6,105,007 is a bastard child. Its parent was for interfacing to a loan processing system, user interfaces requiring "varying degrees of human interaction." '007 was more Cylon, seeking "to capture a system that processed financial accounts 'without human intervention.'" The '007 claims mutated as well during prosecution. Predictably, '007 assertion created a claim construction dilemma requiring human intervention. In construing the crucial term, the CAFC acquitted itself poorly, defying case law by applying a ginned gimp, displaying again a distaste for broad claims.

Decisioning.com v. a shopping mall's worth of department stores, Ameritrade, and HSBC Finance (CAFC 2007-1277)
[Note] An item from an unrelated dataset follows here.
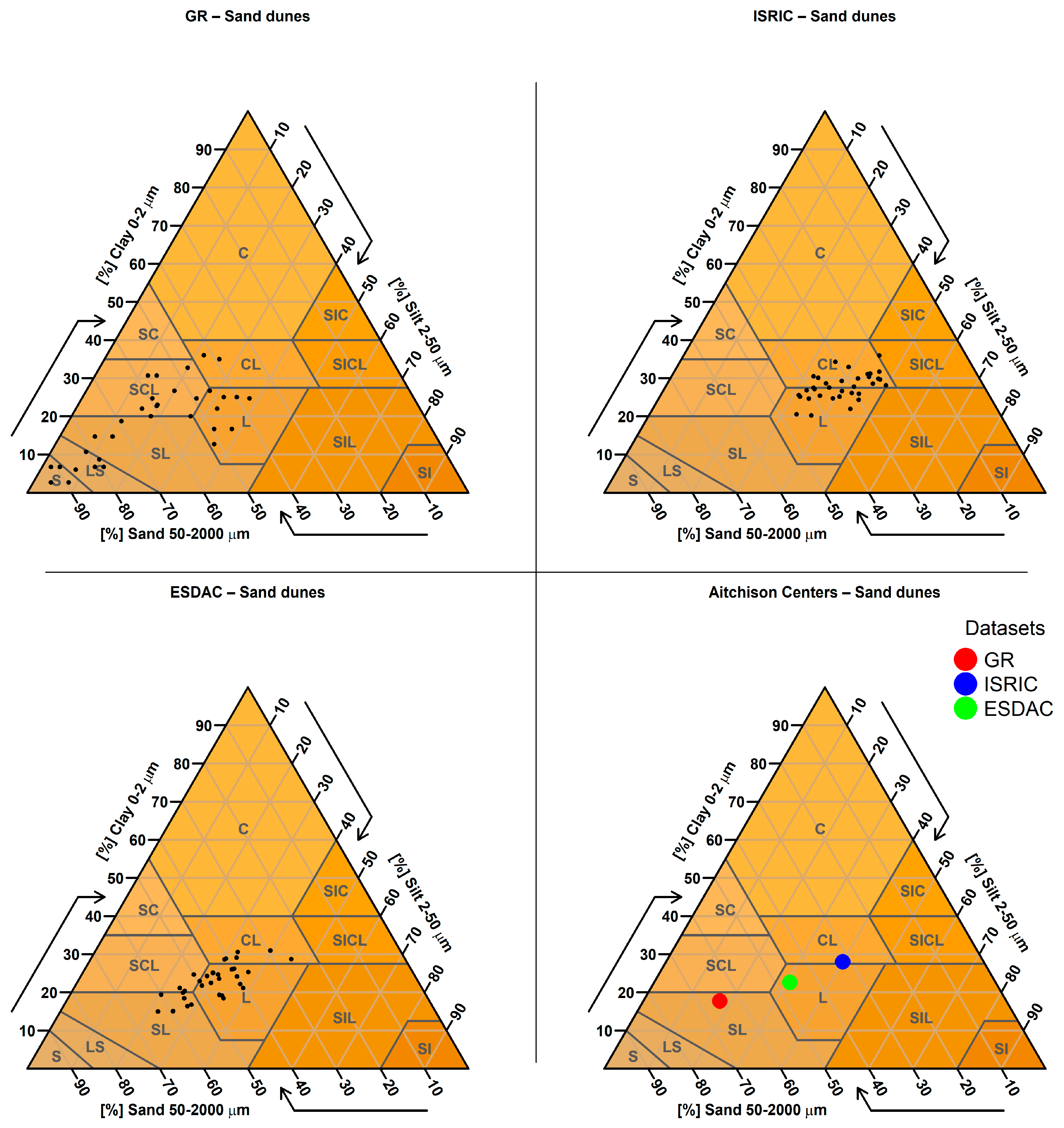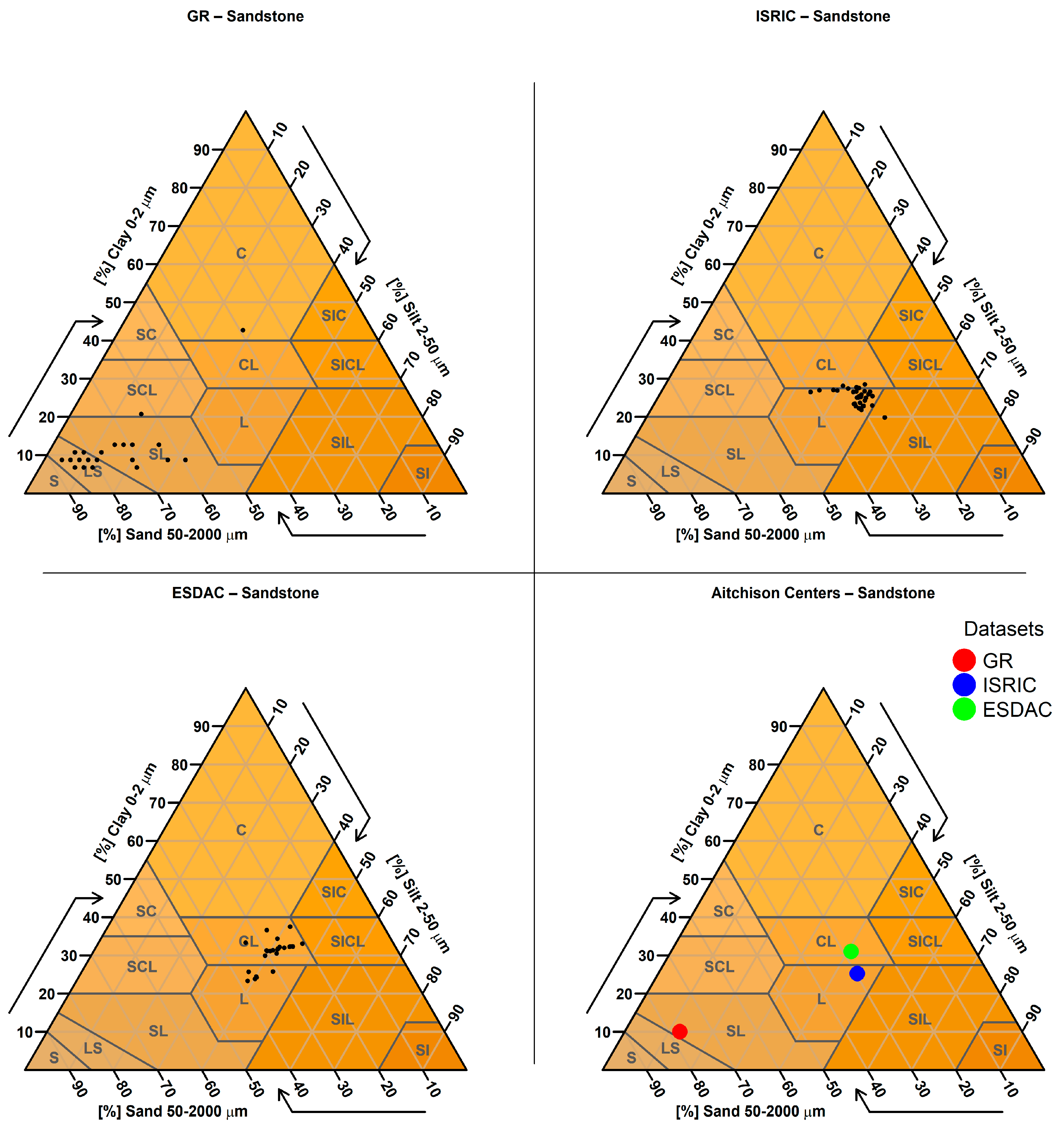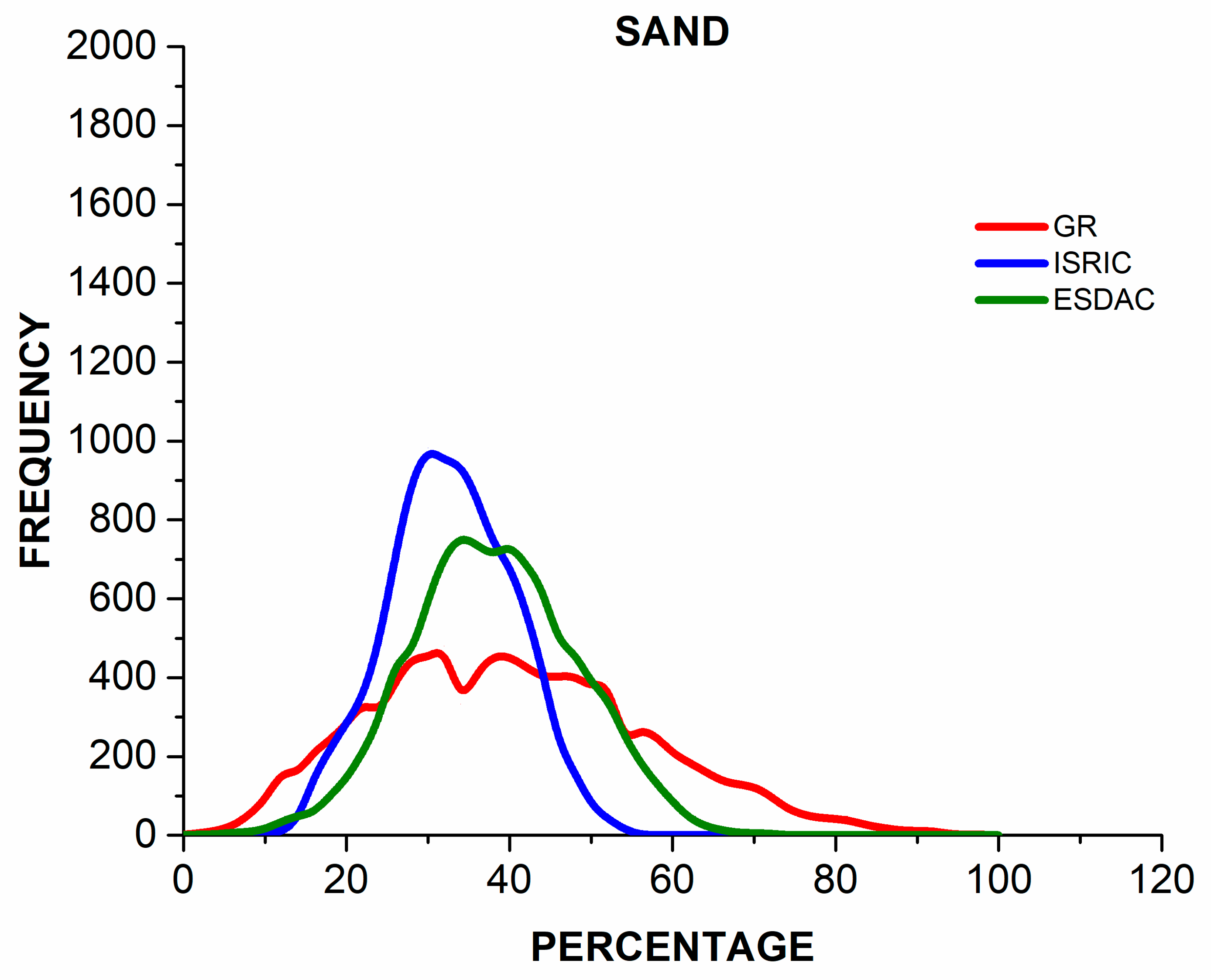 | Parent Material (Number of Points) | GR Mean Sand % (Std) | ISRIC Mean Sand % (Std) | ESDAC Mean Sand % (Std) |

Decisioning had whittled the specification to delete embodiments in the parent that involved human assistance, leaving only a kiosk embodiment.

During prosecution, Decisioning amended the claims to delete the "kiosk" limitation but retained the limitation reciting a "computer controller" that was "carried by" a kiosk. Along with this amendment, Decisioning explained that "[c]laim 1 has been amended to delete the kiosk element, which is not required for performing the method of the present invention." Subsequently, Decisioning amended the claims to delete the "computer controller" language and replaced the term with the "remote interface" term that appears in the claims as issued.

Decisioning filed against the department stores, including Federated, as well as electronic stock broker Ameritrade. HSBC filed a DJ motion. The suits were consolidated.

The district court held a consolidated Markman hearing in all three cases and construed the disputed claim terms. See, e.g., Decisioning.com, Inc. v. Federated Dep't Stores, Inc., No. 3:03-CV-1924 (D.S.C. Dec. 6, 2006) ("Claim Construction Order"). As relevant to this appeal, the district court construed the term "remote interface" as "dedicated computer equipment, meaning equipment supplied by the entity providing the financial account or service . . . ." Id. at 3. It construed "verify the applicant's identity" as follows: "to confirm or substantiate the applicant's identity..."

Claim construction did not go to Decisioning's favor.

Based on its construction of "remote interface" and "verify the applicant's identity," the district court granted Appellees' motions for summary judgment of non-infringement. With respect to the "remote interface" term, Decisioning conceded that no Appellee literally infringed under the district court's construction of that term. Instead, it asserted infringement under the doctrine of equivalents, contending that a consumer-owned personal computer was equivalent to dedicated computer equipment supplied by the entity providing the financial account or service. The district court disagreed.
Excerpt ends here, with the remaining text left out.